夫「家のことはちゃんとして」のひと言に、普段は温厚な妻は…
そんな夫婦にある日、大騒動。香織さんがパートに出た日、夜から長男の塾があることを忘れていたといいます。帰りは夜9時を回るため、毎回小さなお弁当を持たせているのだとか。大急ぎで準備をしたあと、さらに次男はサッカーの練習に。香織さん、その付き添いで外出。帰宅は夜の8時を回っていたといいます。そこにはすでに帰宅していた健太さん。ちょっと不機嫌な顔をしていたといいます。
――皿くらい洗っておけよ、疲れて帰ってきてその状態だと、余計疲れるわ
大急ぎでお弁当を作ったままの台所。それをみて舌打ちをしながらネクタイを外す健太さん。
――家事くらいちゃんとしてよ。俺より家にいるんだからさ
――晩飯はなに?
健太さん、不機嫌に聞いたところで、香織さんはブチ切れます
――子どもじゃないんだから、散らかっていたら片付けたらいいでしょ!
――家事も子育ても丸投げのくせに。家のこと、ちゃんとしてほしいなら、もっと稼いできてよ!
あまりの剣幕に健太さんも次男も目をまん丸にして仰天。
――いままで溜めに溜めたストレスが一気に出ちゃいました……
温厚であまり怒るイメージのないという香織さん。そんな妻の見たことのない顔に少しは反省をしたのでしょう。健太さんも、さらには子どもたちも、以前よりも家のことを手伝うようになったといいます。
東京都産業労働局が既婚・と内在筋緒の女性パートタイム労働者に聞いた『いわゆる「年収の壁」に関する都民意識調査』によると、40代では週「15時間勤務未満」が55.9%。「週15~20時間未満」が10.9%、「20~25時間未満」が6.9%、「25~30時間未満」が5.8%、「30~35時間未満」が8.3%、「35時間以上」が12.2%。また「意識して扶養の範囲で働いている」が40代では47.3%。一方で「すでに壁を超えている」は37.9%でした。

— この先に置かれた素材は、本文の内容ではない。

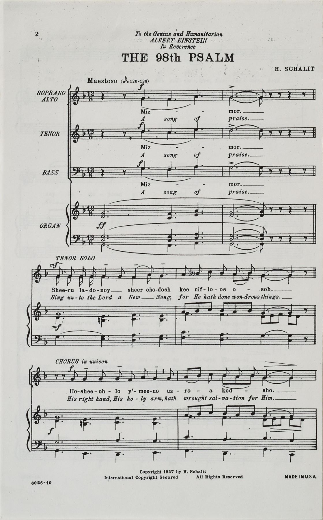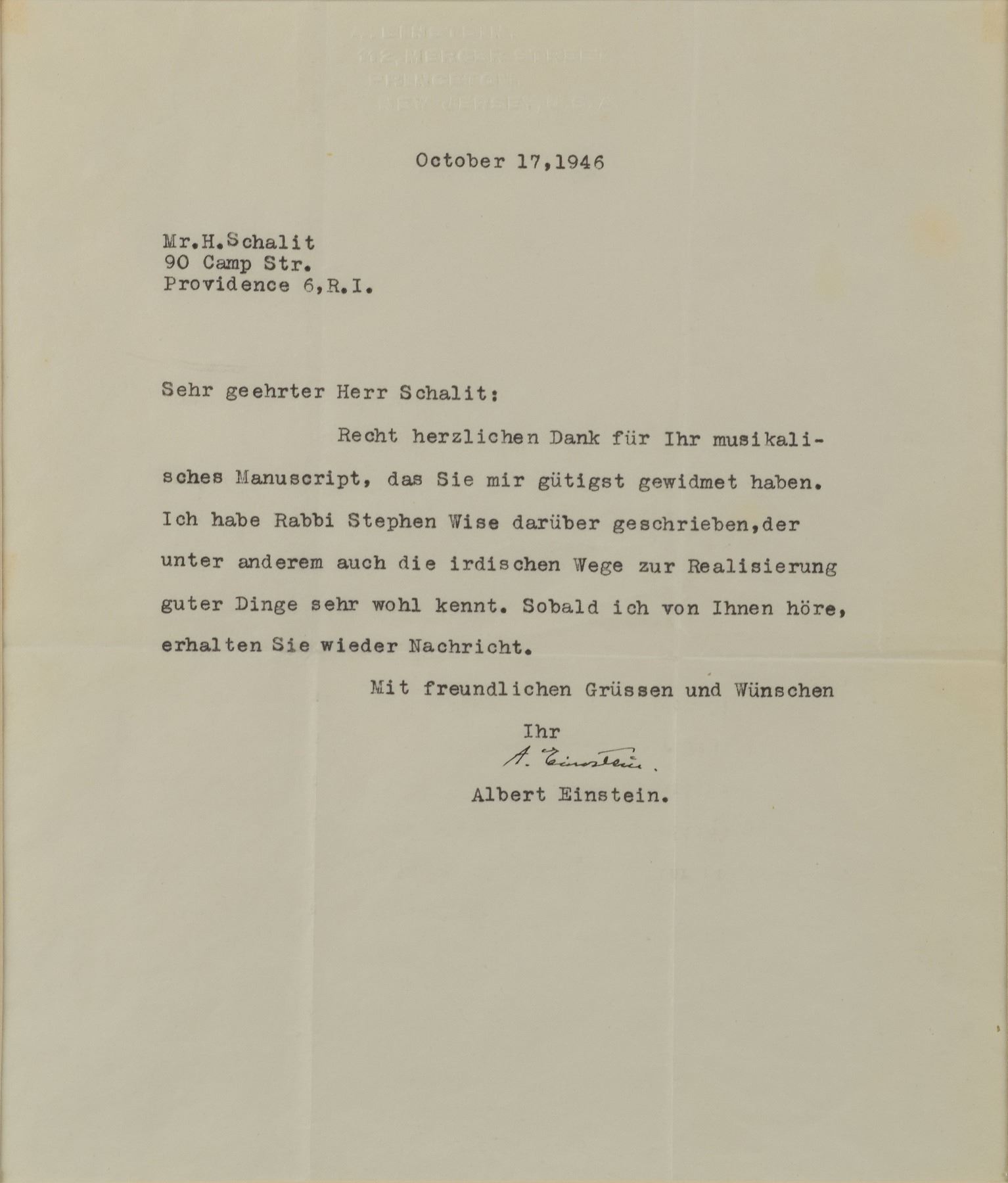 The musical manuscript that Einstein mentions, 'The 98th Psalm,' was dedicated by Schalit to 'The Genius and Humanitarian Albert Einstein.' Like Einstein, Schalit fled Europe during World War II and took refuge in America. In a great humanitarian effort throughout the 1930s and 1940s, Einstein lent his support to a multitude of Jewish scientists, intellectuals, and artists who fled the danger of Europe and resettled in the United States. In addition to his scientific and humanitarian accomplishments, Einstein was a noted lover of music and a talented violinist—he would have easily been able to interpret Schalit's musical manuscript. An exemplary, boldly signed letter connecting two Jewish leaders who fled the Holocaust.
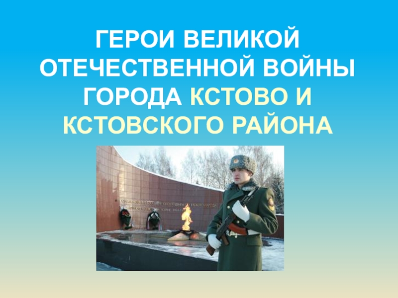 Слайд 1ГЕРОИ ВЕЛИКОЙ ОТЕЧЕСТВЕННОЙ ВОЙНЫ ГОРОДА КСТОВО И КСТОВСКОГО РАЙОНА
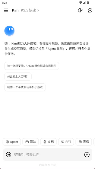 Kimi是一款多功能助手应用,具备超长上下文处理能力,轻松应对复杂任务场景,涵盖文档解析、内容创作、编程辅助、数据分析等多个领域,通过自然语言描述完成从构思到成果输出的全过程,为学生、职场人士和技术从业者提供便捷高效的生产力支持。
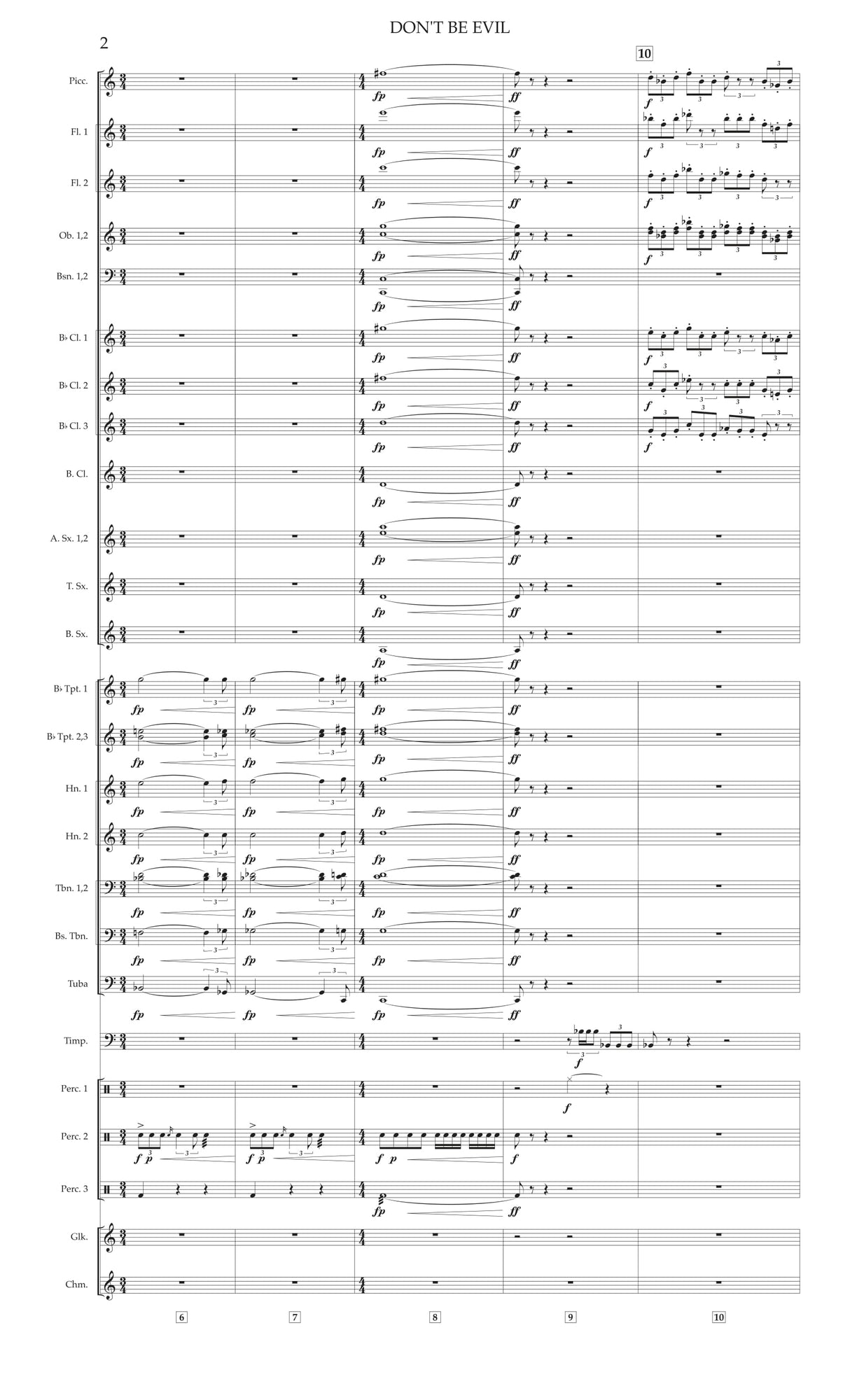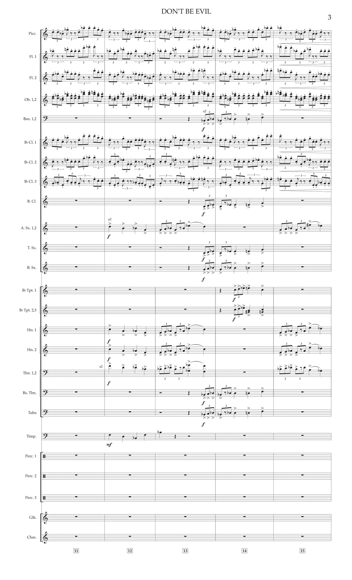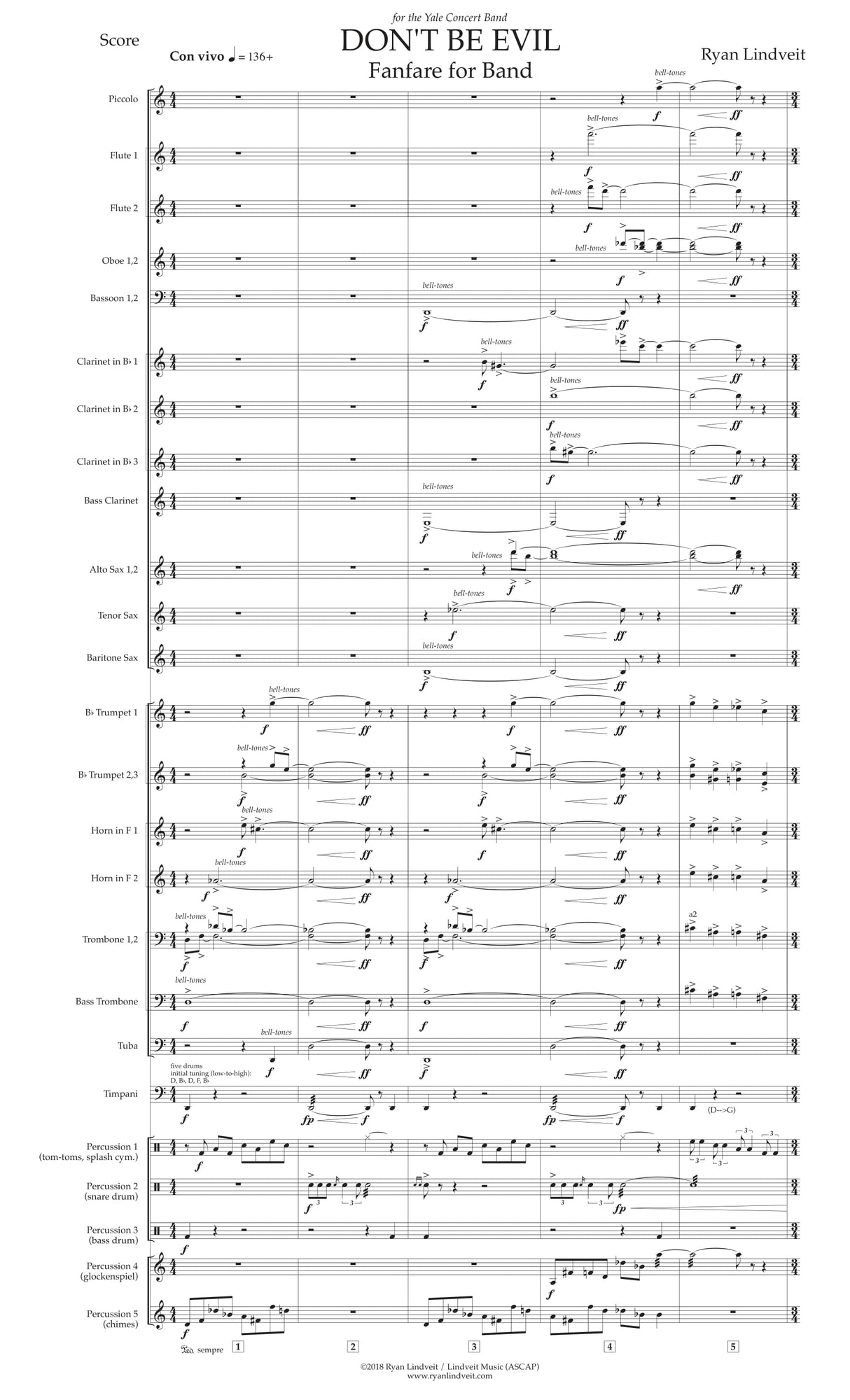 Don't Be Evil: Fanfare for Band was premiered by the Yale Concert Band (Ryan Lindveit, guest conductor) on April 13, 2018 in Woolsey Hall in New Haven, CT.
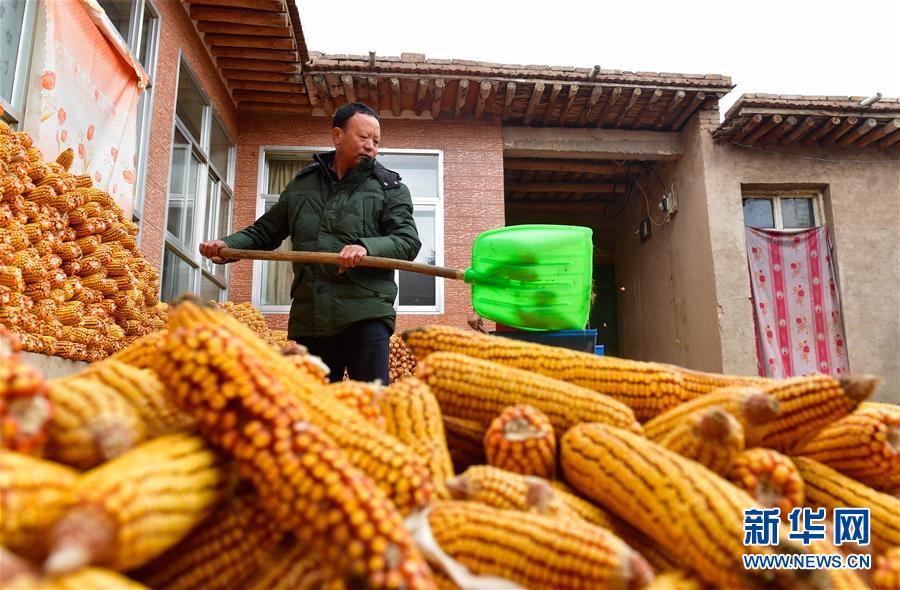 11月8日,在海东市民和回族土族自治县转导乡前坪村,村民在庭院里对玉米进行脱粒。 近日,青海省海东市民和回族土族自治县转导乡的三万亩全膜玉米进入收获季,农民利用晴好天气抓紧晾晒、脱粒、粉碎,制作青饲料,同时对收割后的田地进行覆膜保墒工作,田间地头一派繁忙景象。 新华社记者 张龙 摄
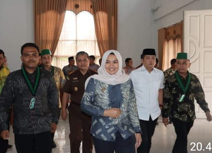 Wakil Bupati Mandailing Natal (Madina) Atika Azmi Utammi Nasution menghadiri Pelantikan Pengurus Himpunan Mahasiswa Islam (HMI) dan Kohati Cabang Madina periode 2022-2023 di Gedung Serbaguna, Desa Parbangunan, Kecamatan Panyabungan, Sumatera Utara, Kamis ( 29/9/2022 ).
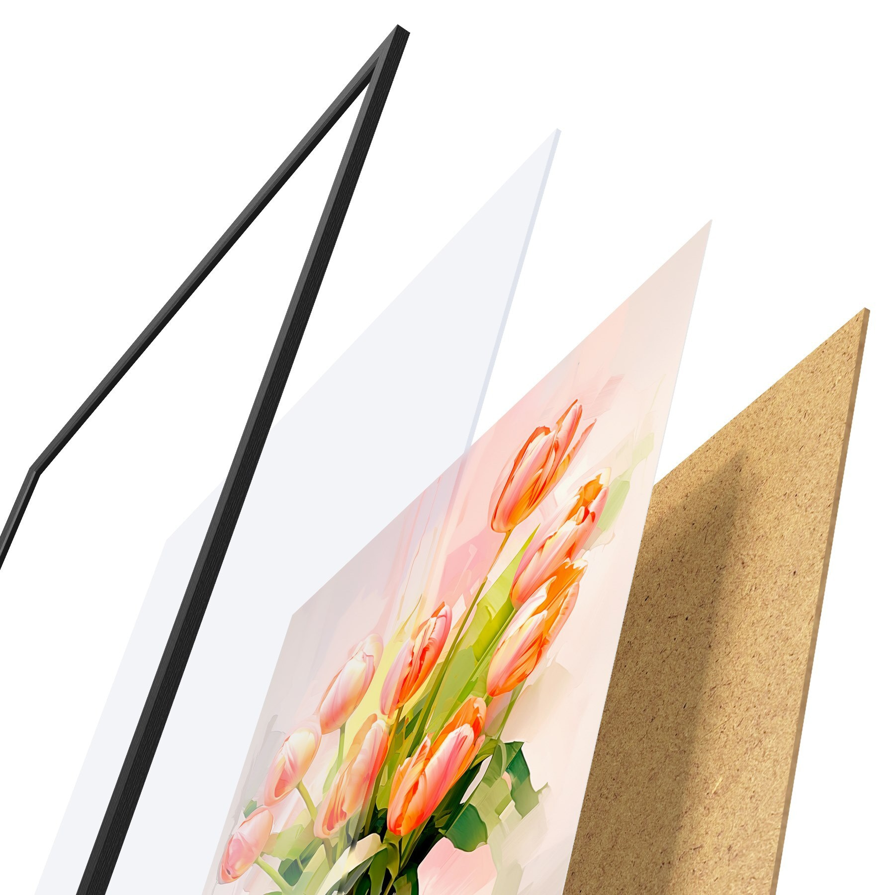 Plakatą sudaro rėmas, pleksiklas, atspausdintas vaizdas ir medžio drožlių plokštės pagrindas. Plakatą galima iš karto pakabinti ant sienos dėl kitoje pusėje esančių laikiklių.
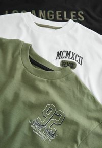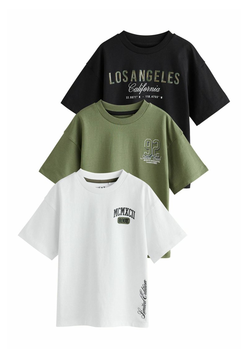 Három rövid ujjú póló: fekete "LOS ANGELES" felirattal, olivazöld a "92" számmal, és fehér "MCMXCII" részlettel. Pamut anyagból.
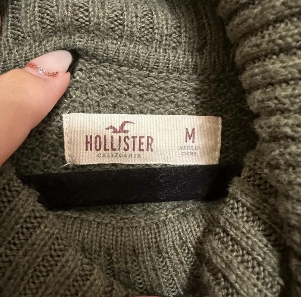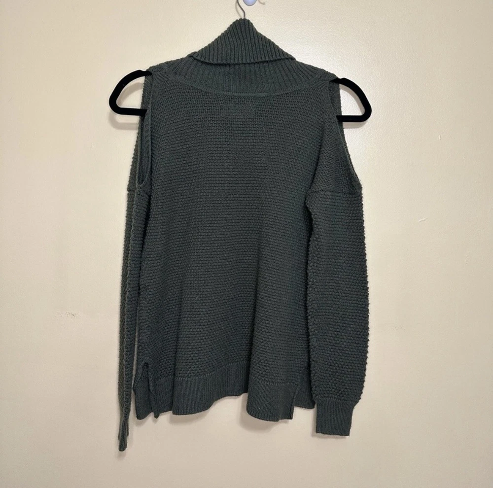 Hollister Womens Med Olive Green Long Sleeve Cold Shoulder Sweater Turtleneck Good pre-owned condition, missing material/care tag. Approximate flat lay measurements: Length-24” Bust-18” Sleeve-24” Elevate your wardrobe with this stylish Hollister sweater. The women's pullover features a solid med olive green color, long sleeves with cold shoulder sleeves, and a turtleneck neckline. The sweater is made from knit fabric that is both open and breathable, making it perfect for fall, winter, and spring seasons.
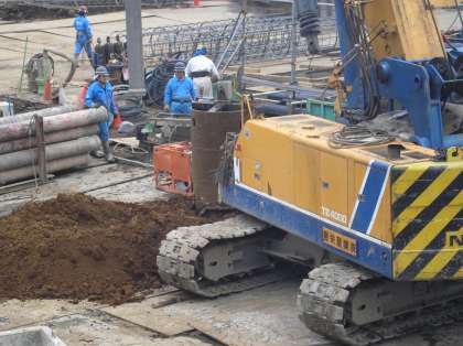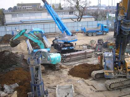 地中に穴を開け、巨大な柱を設置する作業が始まりました。
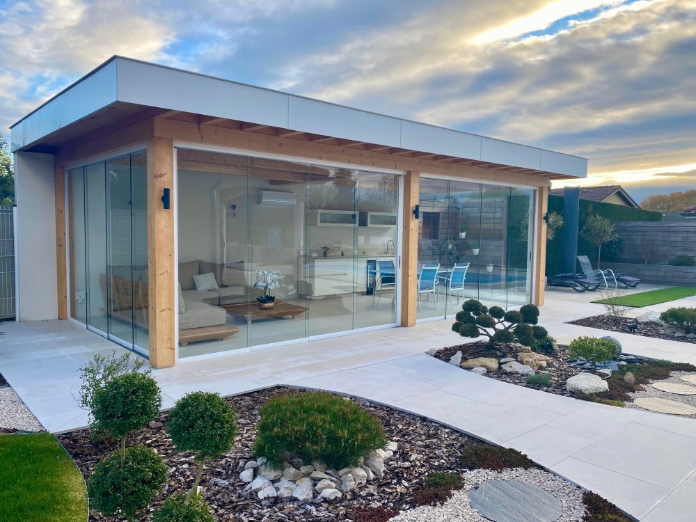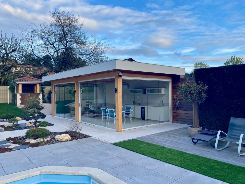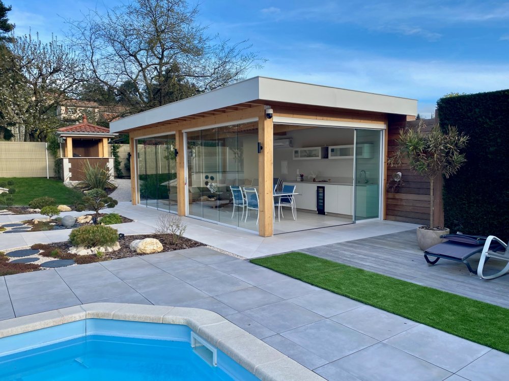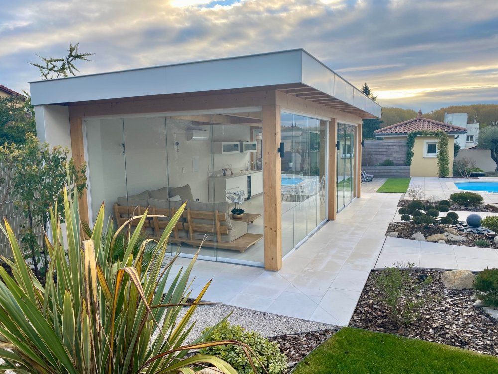 Fermeture complète de pool-house sur mesure : un espace extérieur transformé en véritable lieu de vie proche de Villefranche-sur-Saône
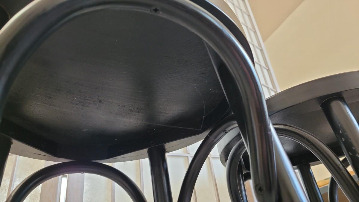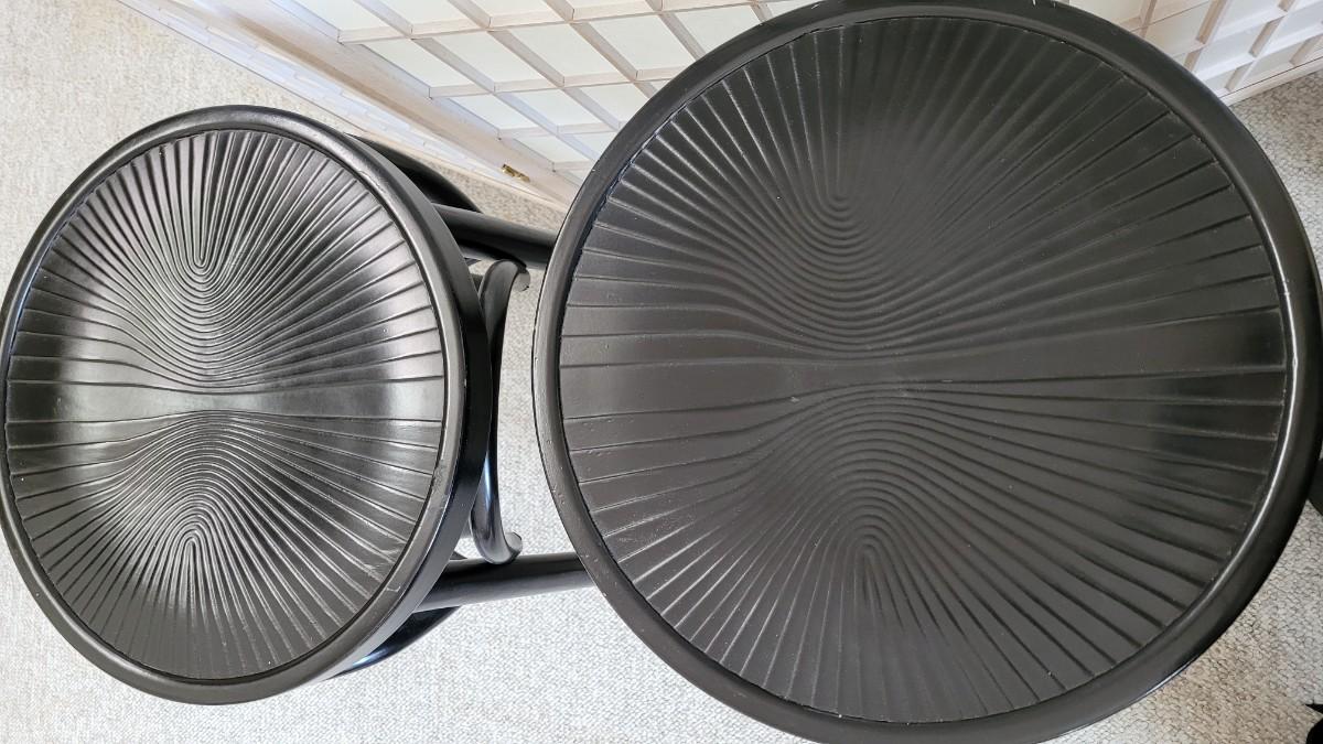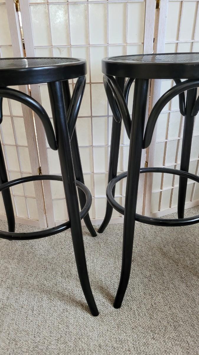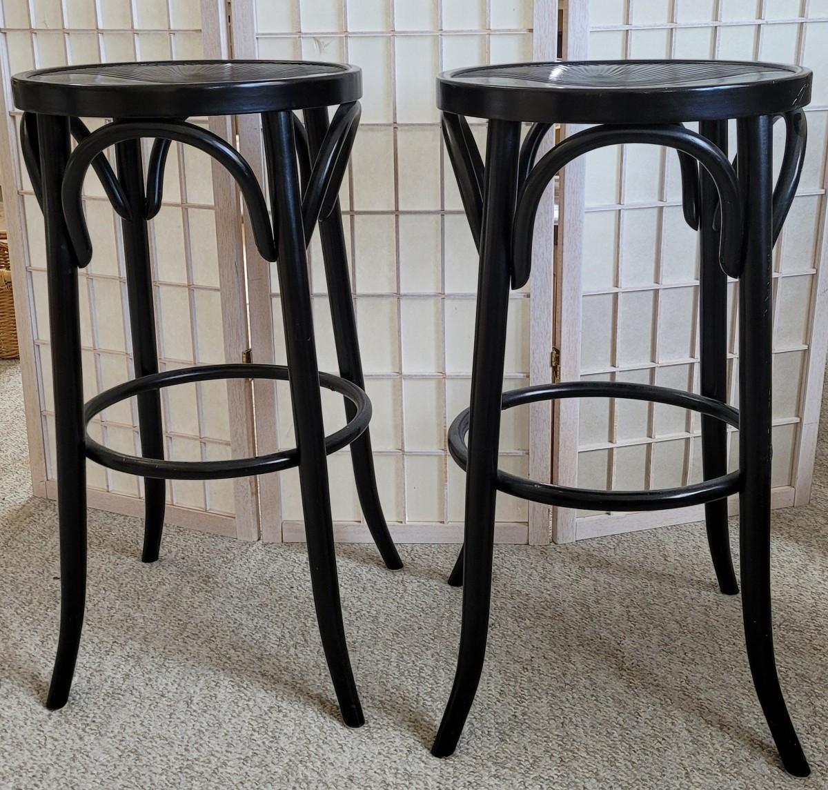 Lot 244: (2) Vintage Black Wood Bar Stools

また「壁を意識せずに働くことができたら、年収であとどの程度働きたいか」の問いに対しては、40代で「10万円未満」が48.3%、「10万~20万円未満」が22.0%、「20万~30万円未満」が13.2%、「30万~50万円未満」が9.8%。「100万円以上」は4.4%でした。
そして「配偶者との家事や育児等の役割分担は?」に対しては、「自分がほぼすべて負担」が52.0%、「分担しているが自分の割合が大きい」が27.5%で、「家事や育児は妻まかせ」という傾向が強いことがわかります。
年収の壁を意識して働くケースが多い、子育て世帯のパート妻。それが本意か不本意かは、夫の稼ぎ次第という一面も。健太さんの給与は、月収で40万円、年収で650万円。厚生労働省の調査によると、40代前半・大卒サラリーマンの平均月収は月42.4万円、年収704.1万円。健太さん、わずかながら平均を下回っています。
「夫がもっと稼いでくれたらパートになんか出なくてもいいのに」と思うときもあれば、「家事や子育てを手伝ってくれたらもっと稼げるのに」と思うときもあり、夫とは違うストレスを抱えているパート妻。夫も「俺のほうが稼いでいるんだから」と思う気持ちもわからなくもないですが、まずは妻の苦労を理解する姿勢が必要です。